I spent most of the day 20 feet above the ground on a ladder, installing gutters above the basement guest room's slab. I experienced surprisingly few problems and managed to get all 26 feet of gutter installed before a bunch of old ladies showed up to participate in a monthly poetry group in which Gretchen is the youngest member. The overall shape of today's gutter installation was that of a capital L. I didn't worry about downspouts; rain water will simply be ejected out of either end of the gutters like from gargoyles on a cathedral. The water will land in the bushes several feet either downhill from the house or along its lowest contour, although at some point I might intercept this water for horticultural use.

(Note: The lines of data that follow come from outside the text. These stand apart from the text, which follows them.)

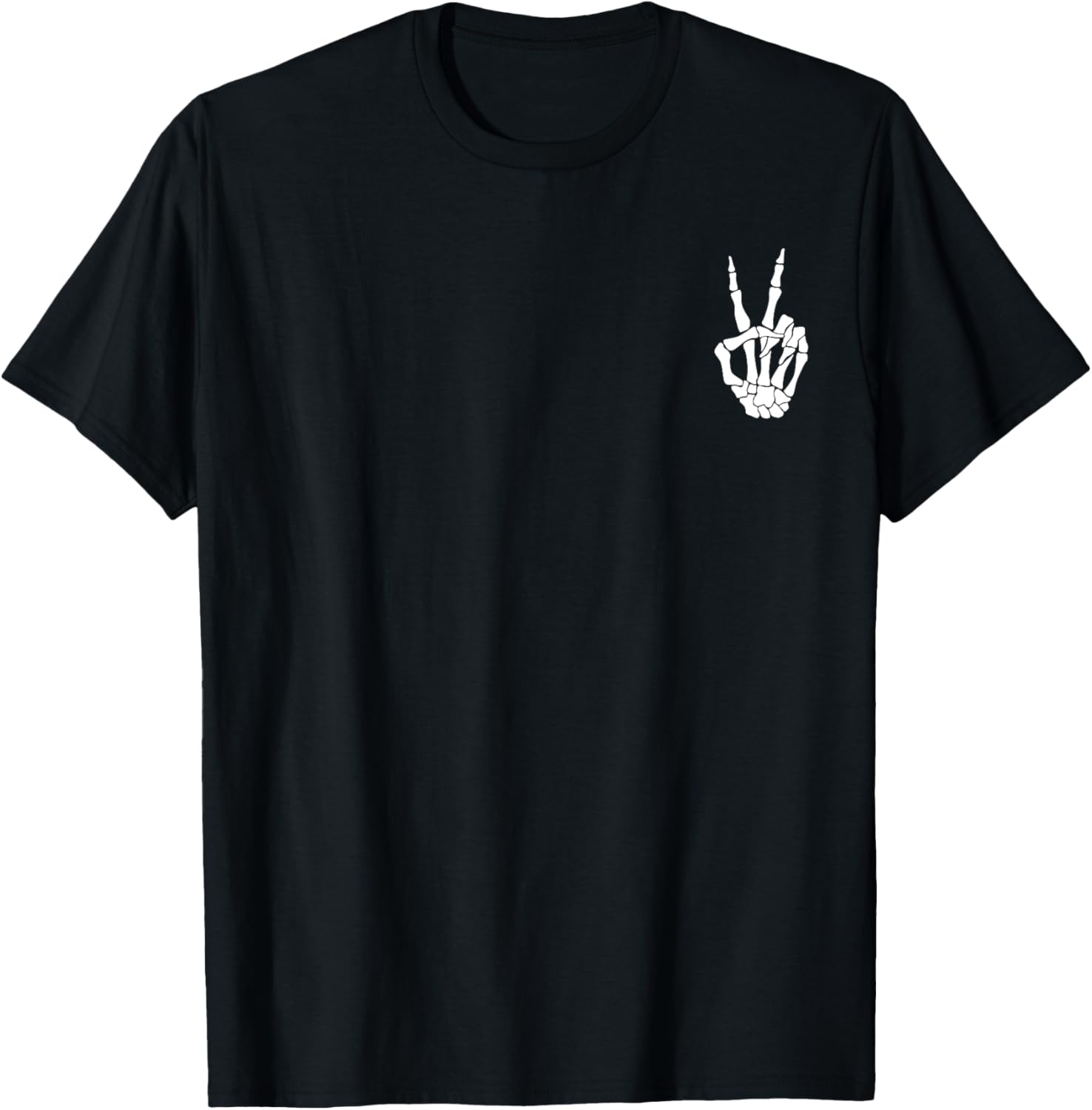Skeleton Hand Peace Sign Bone Halloween Pocket Skeleton T-Shirt
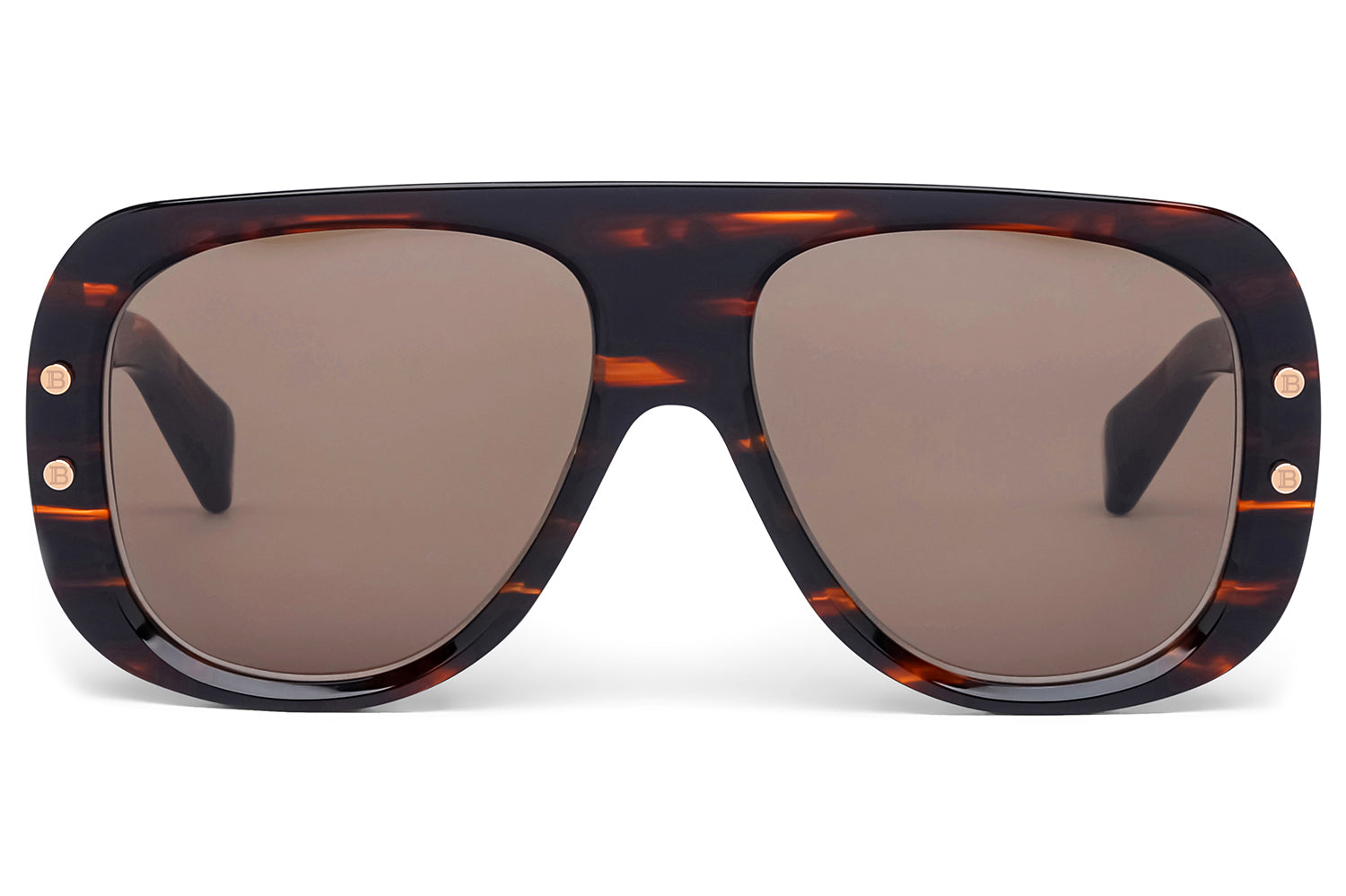 The Balmain – Pulse is a rebellious symphony of heritage and audacity. This season’s hero frame builds on Balmain Eyewear’s legacy of bold acetate silhouettes, reimagined through an in-trend oversized aviator that dominates with architectural precision. Its shielding, exaggerated proportions exude VIP allure, while the empowering silhouette channels the electrifying pulse of a backstage crescendo, each curve resonating with the House’s timeless bond with the world of music and its love affair with rock ' n ' pop’s greatest icons. The 8mm-thick acetate front connects to the temples through Balmain’s signature floating hinge, featuring a high-precision five-barrel tube system, a striking visual break that masterfully blends daring style with technical innovation. Expert savoir-faire is elevated by unshakable confidence, with iconic round B monogram rivets nodding to the Maison’s legacy of golden metalwork, inspired by military uniforms and the regal grandeur of French courts. Standouts include a version with custom champagne-mirror lenses and a limited-edition crystal-black Havana variation, its rich, spotted marble-effect pattern evoking the wild animal motifs central to the House’s vision of fearless sophistication. Handmade in Japan. Includes Balmain box, hard case, soft case, cleaning cloth, and 1-year manufacturer warranty.
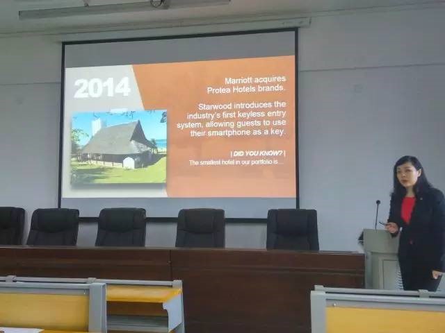 酒店管理专业负责人周志宏教授讲话,并介绍实习相关内容,包括实习机会(招聘岗位等)。
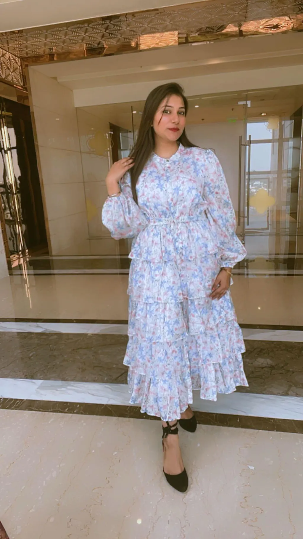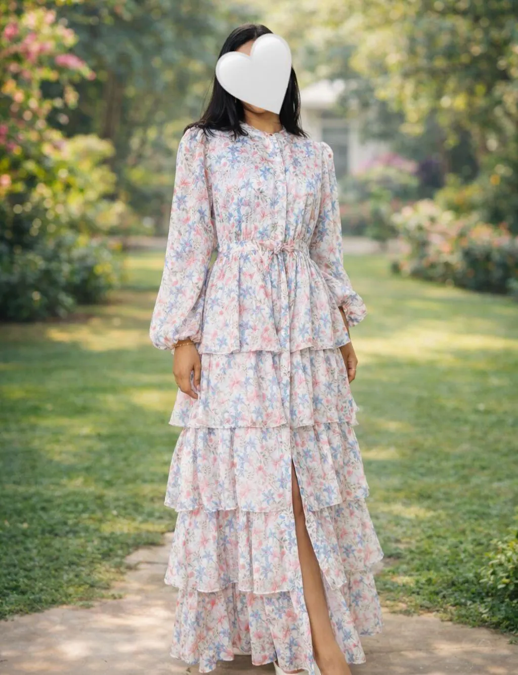 The long dress features a front open placket throughout, which you can open up till above knee to have that peek-a-boo moment with every step you take, or just close them all.
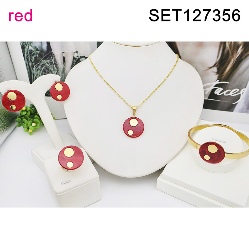 Level B Stainless Steel New Trendy Women Jewelry Red Round Resin Golden 4 pcs SET
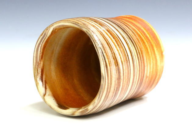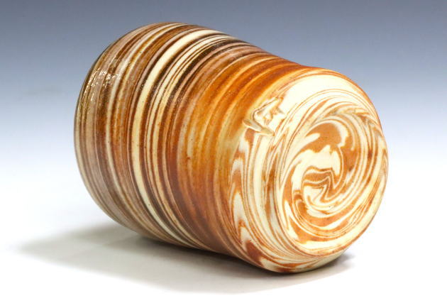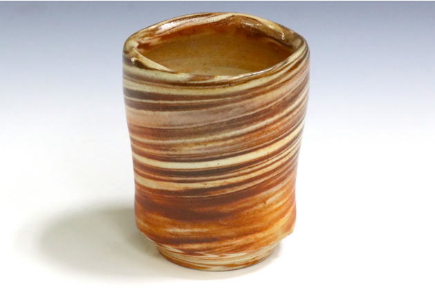 - 備前焼にとどまらず、様々な技法を駆使している作家です。 2種類の土を練り合わせる練り込みや、陶土にコバルトを混ぜた「藍彩」技法など、モダンな作風が人気です。口造りや高台のエッジも洗練されています。
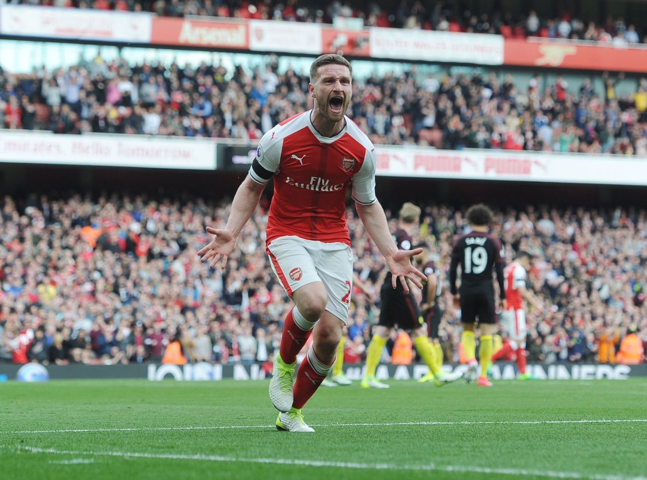 Just five minutes had been played when they broke the deadlock. Leroy Sane latched onto Kevin De Bruyne’s long range pass and rounded David Ospina to slot into an empty net for a calm and composed finish. It is not often that Hector Bellerin is done for pace but he was unable to stop Sane scoring.
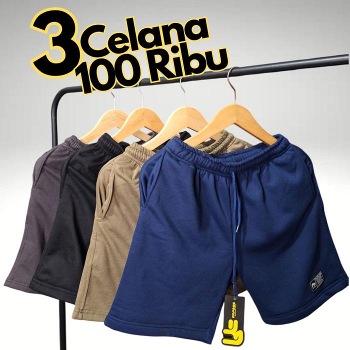 Paket Hemat 100K Dapat 3 Celana Broadshort Pendek Unisex Pria Wanita - Paket Isi 3 Celana List Random Warna, M
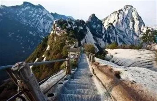 這是一個溫暖的美麗秋天,華山壯觀的峭壁在陽光下閃閃發(fā)亮,稀有樹木炫耀著多彩的秋葉,遠(yuǎn)方跳躍的瀑布吸引著游客的眼球,奇形怪狀的點(diǎn)點(diǎn)白云在腳下緩緩流動。我和我的朋友開始了一場艱苦的旅行,一起攀登6,600多級鑿在巖石上的臺階,目標(biāo)是海拔2154.9米南峰之巔祭祀華山神的道觀?! ?
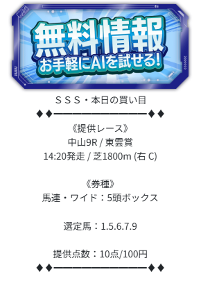 | 推奨馬券代 | 1点100円〜 |
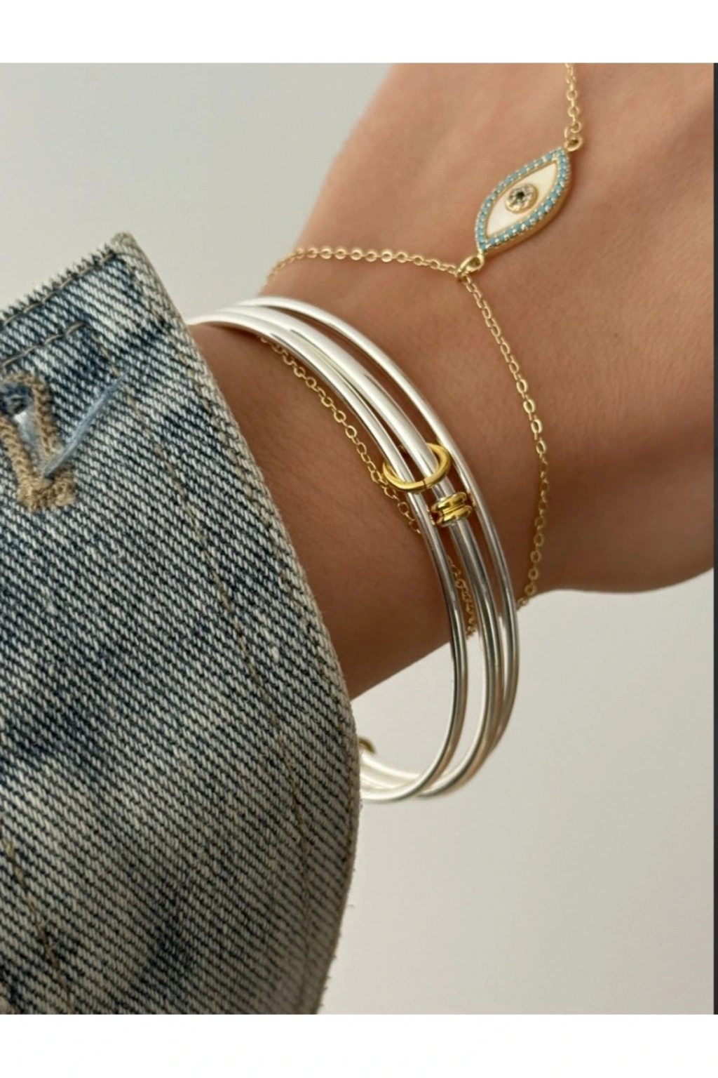 VIP Serisi Üçlü İç İçe Halka Kelepçe Açıklama: Modern çizgilerin ve zamansız şıklığın buluştuğu VIP Serisi Üçlü İç İçe Halka Kelepçe, stilini zarif ve güçlü detaylarla tamamlamak isteyenler için tasarlandı.; Parlak gümüş ve altın tonlarının uyumuyla hazırlanan bu özel model, iç içe geçmiş formuyla bağlılığı ve güçlü kadın ruhunu simgeliyor.; Özellikle CEO, yönetici ve iş dünyasının dinamik kadınlarına hitap eden bu tasarım, günlük stilinizden özel toplantı kombinlerinize kadar her anınıza eşlik edecek modern ve zarif bir aksesuar.; ✨ VIP özel seri ✨ Üçlü iç içe geçmiş halka form ✨ Parlak gümüş & altın ton detay ✨ Günlük ve profesyonel stil uyumlu Naaksesuar’ın zarif ve güçlü duruşunu yansıtan bu modelle, bileğinizde stilinizin imzasını bırakın
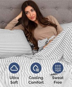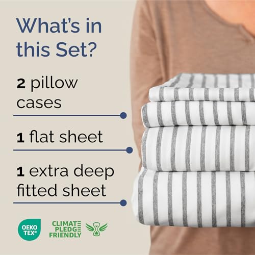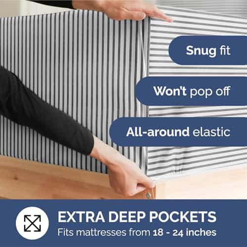 Juego de sábanas extra profundas para cama -Gris a Rayas
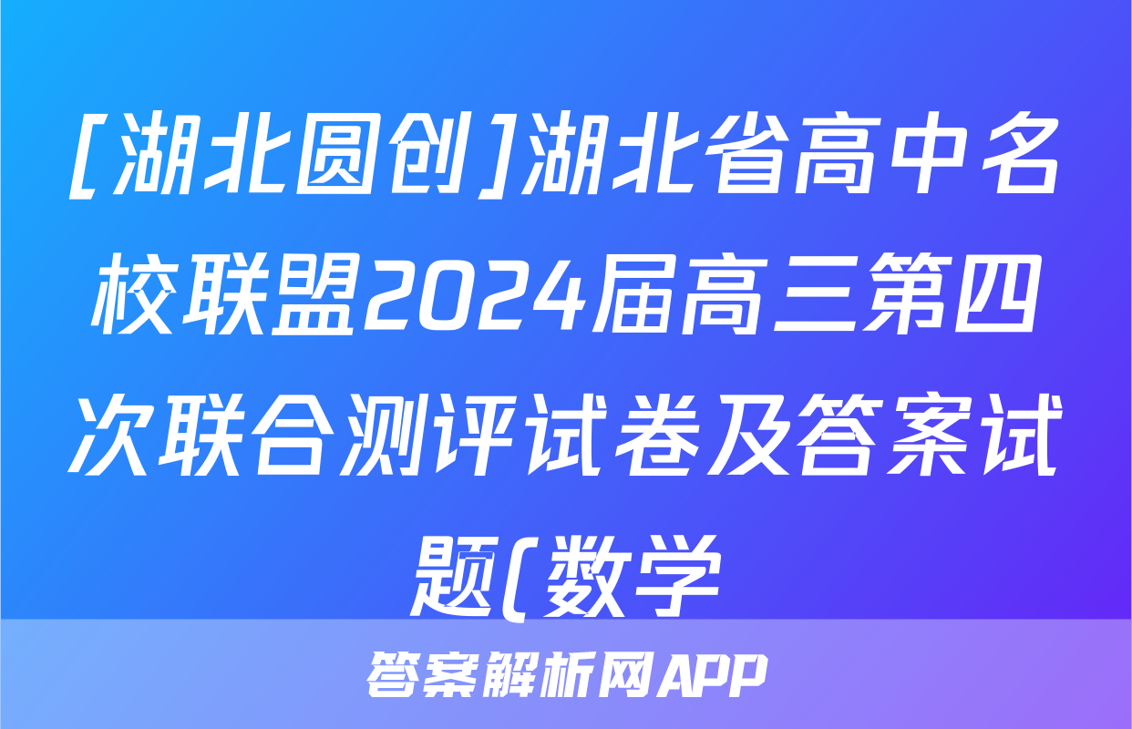 [湖北圆创]湖北省高中名校联盟2024届高三第四次联合测评试卷及答案试题(数学),目前2025-2026衡水金卷答案网已经汇总了[湖北圆创]湖北省高中名校联盟2024届高三第四次联合测评试卷及答案试题(数学)的各科答案和试卷,获取更多{{papers_name}}答案解析,请在关注本站。
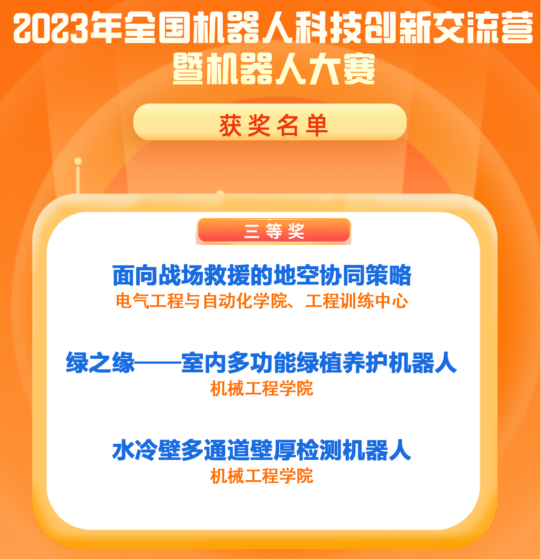 日前,由共青团中央、工业和信息化部主办的2023年全国大学生机器人科技创新交流营暨机器人大赛在山东省日照市举办。我校3件作品荣获三等奖。
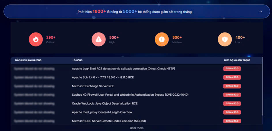 Trong tháng 12/2024, Hệ thống giám sát an toàn không gian mạng quốc gia đã ghi nhận có 784.180 điểm yếu, lỗ hổng an toàn thông tin tại các máy chủ, máy trạm, hệ thống thông tin của các cơ quan, tổ chức nhà nước; phát hiện hơn 1600 lỗ hổng trên 5000 hệ thống đang mở công khai trên internet. Hệ thống giám sát cũng đã ghi nhận 12 lỗ hổng mới được công bố, có mức độ ảnh hưởng nghiêm trọng/cao có thể bị lợi dụng để tấn công, khai thác vào các hệ thống của các cơ quan, tổ chức. Đây là các lỗ hổng tồn tại trên các sản phẩm phổ biến của nhiều cơ quan, tổ chức, doanh nghiệp.
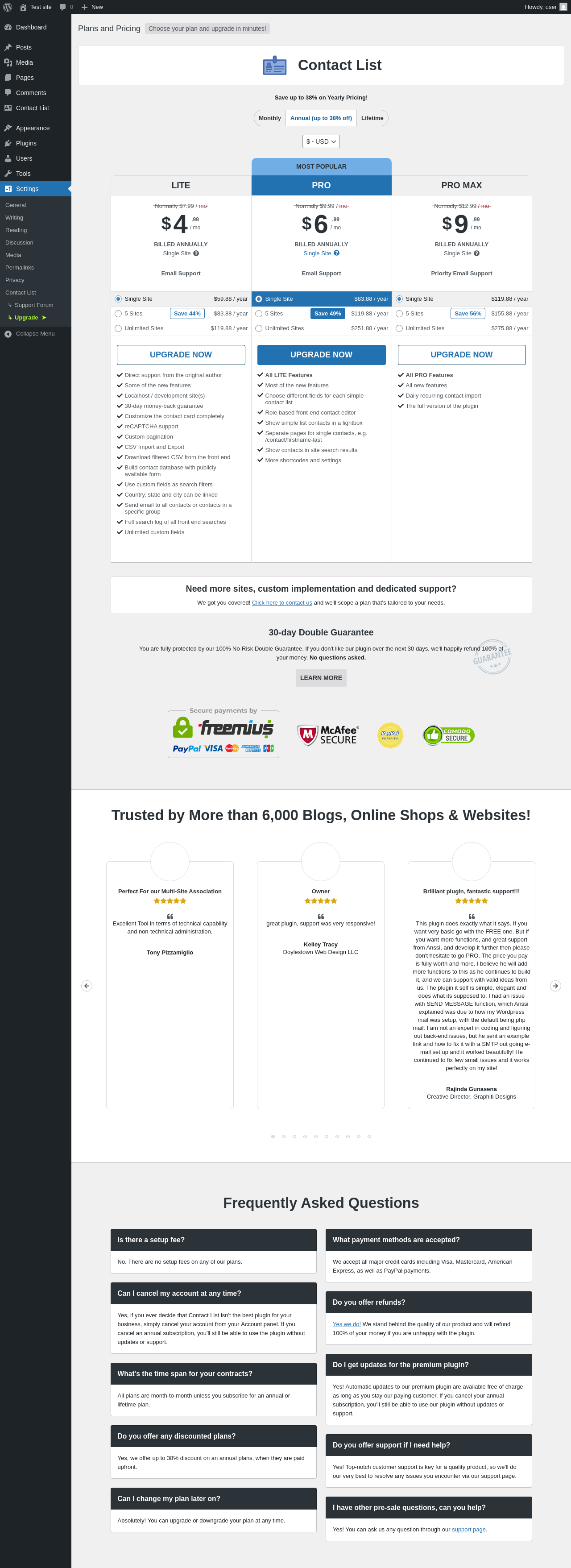 | URL | /wp-admin/options-general.php?page=contact-list-pricing |

The one problem I did encounter during the installation was the presence of paper wasps. There were maybe a half dozen small nests within two feet of the gutter's intended path, and one lay directly in that path. That one had to go, obviously, but what about the others? Though capable of inflicting excruciatingly painful stings, paper wasps are docile creatures and will not attack unless directly provoked. In addition to the one nest in the path, I also destroyed another one nearby. I didn't use any sort of pesticide to kill the suddenly-homeless wasps; instead I used a technique from my childhood, squirting them with soapy water until they fell and then trying to find them down on the ground so I could smush them. But I only managed to kill one this way. The others buzzed around for a time and eventually disappeared, perhaps picked off by the many dragonflies and Phoebes flying about.
This business of killing wasps is not something I enjoy. I recognize that their paper nests are every bit as important to them as my house is to me and, though I believe amorality has no consequences for the amoral, I try to leave them be whenever possible. The ones I left alone today returned the favor; they'd go on alert, particularly when my hammering screwgun was banging away within a couple feet of their nest, and one even buzzed me, but I avoided being stung, a good thing when you're twenty feet up a ladder over a stone slab.
When I'd put the vinyl gutter in above the garage doors, I'd had to evict a globular hornet nest roughly four inches in diameter. (These hornets had been small and been decorated with black and yellow stripes, thus indistinguishable from Yellowjackets.) Hornets are much more aggressive than wasps and to destroy this nest I'd had to spray it twice with noxious HotShot spray. Even after that, hornets still had still been either hatching or returning to the nest and I'd been forced to eliminate the stragglers with a shop vac.